3 Tutorial 1: linear regression and introduction to Stan
This first tutorial serves as an introduction to the Stan platform, and shows that Bayesian analysis obtains the same uncertainty assessments as classical methods, when analytical solutions are available.
For this purpose, we use a very short dataset and an ordinary linear regression model.
3.1 Data
The data are monthly measurements of whole-facility energy use (kWh), as well as heating degree-days and cooling degree-days (°C.day).
library(rstan)
library(tidyverse)
# Baseline data: cooling and heating degree days, energy use
df.pre <- data.frame(cdd = c(0, 10, 15, 21, 21, 14, 0, 0, 0, 0, 0, 0),
hdd = c(14, 0, 0, 0, 0, 0, 2, 20, 18, 32, 27, 20),
use = c(35936, 22260, 20970, 25438, 28547, 24394,
24224, 38767, 42205, 49649, 43540, 43734))
# Reporting period data: cooling and heating degree days, energy use
df.post <- data.frame(cdd = c(0, 3, 13, 23, 19, 16, 0, 0, 0, 0, 0, 0),
hdd = c(5, 0, 0, 0, 0, 0, 2, 19, 20, 24, 25, 14),
use = c(25416, 17445, 13626, 19295, 17970, 15158,
13293, 35297, 35665, 38562, 33383, 37244))
ggplot() +
geom_point(data = df.pre, aes(x=hdd, y=use), color="blue") +
geom_point(data = df.post, aes(x=hdd, y=use), color="red")
3.2 Model specification: first look at a Stan model
3.2.1 Ordinary linear regression
After a quick look at the data, we can assume a linear relationship between the dependent variable (energy use) and both explanatory variables (hdd and cdd).
I wrote a longer lecture on ordinary linear regression here.
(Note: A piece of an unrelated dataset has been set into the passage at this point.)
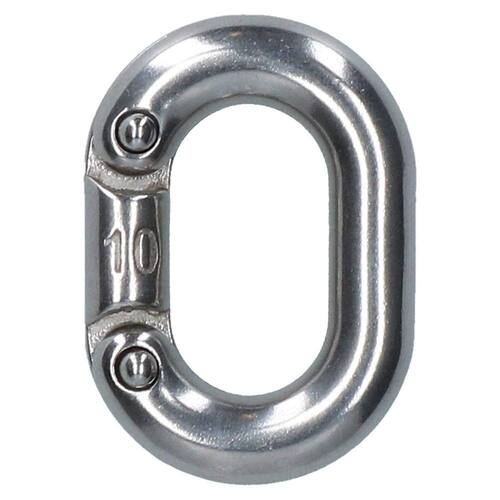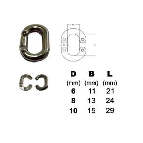 Elo conector de corrente em aço inox 10mm Elo conector para emenda/conexão de corrente galvanizada ou em aço inox, elo é construído em aço inox 316 com precisão exata din 766. Ideal para utilização em embarcações que utilizam guinchos elétricos para ancoragem quando necessário emendar duas ou mais correntes.

We don’t differentiate between simple and multiple regression, i.e. models with one or several explanatory variable, since they are solved the same way.
We consider a dependent variable \(y\), and a set of \(k\) explanatory (independent) variables \(x=(x_1,...,x_k)\), and assume that a series of \(n\) values of each have been measured. We therefore have a vector \(\mathbf{y}=\left\{y_i\right\}_{i=1}^n\) and a matrix \(X = \left\{x_{i1},...x_{ik}\right\}_{i=1}^n\) of dependent and independent variable measurements.
The ordinary linear regression model states that the distribution of each \(y_i\) given the predictors \(\mathbf{X}_i\) is normal with a mean that is a linear function: \[\begin{align} y_i & = \alpha + \beta_1 x_{i1} + ... + \beta_k x_{ik} + \varepsilon_i \tag{3.1} \\ \varepsilon_i & \sim \mathrm{normal}(0, \sigma) \tag{3.2} \end{align}\] or in matrix form: \[\begin{equation} \mathbf{y} = \alpha + \mathbf{X} \cdot \mathbf{\beta} + \mathbf{\varepsilon} \tag{3.3} \end{equation}\] The parameters \((\alpha, \beta_1, ..., \beta_k, \sigma)\) are a vector of coefficients to be determined. Ordinary linear regression assumes a normal linear model in which observation errors \(\varepsilon_i\) are independent and have equal variance \(\sigma^2\) (hypothesis of homoscedasticity).
3.2.2 Linear regression with Stan
Linear regression is naturally the first example given in the Stan documentation. The following model has been extended a bit for the purpose of our study.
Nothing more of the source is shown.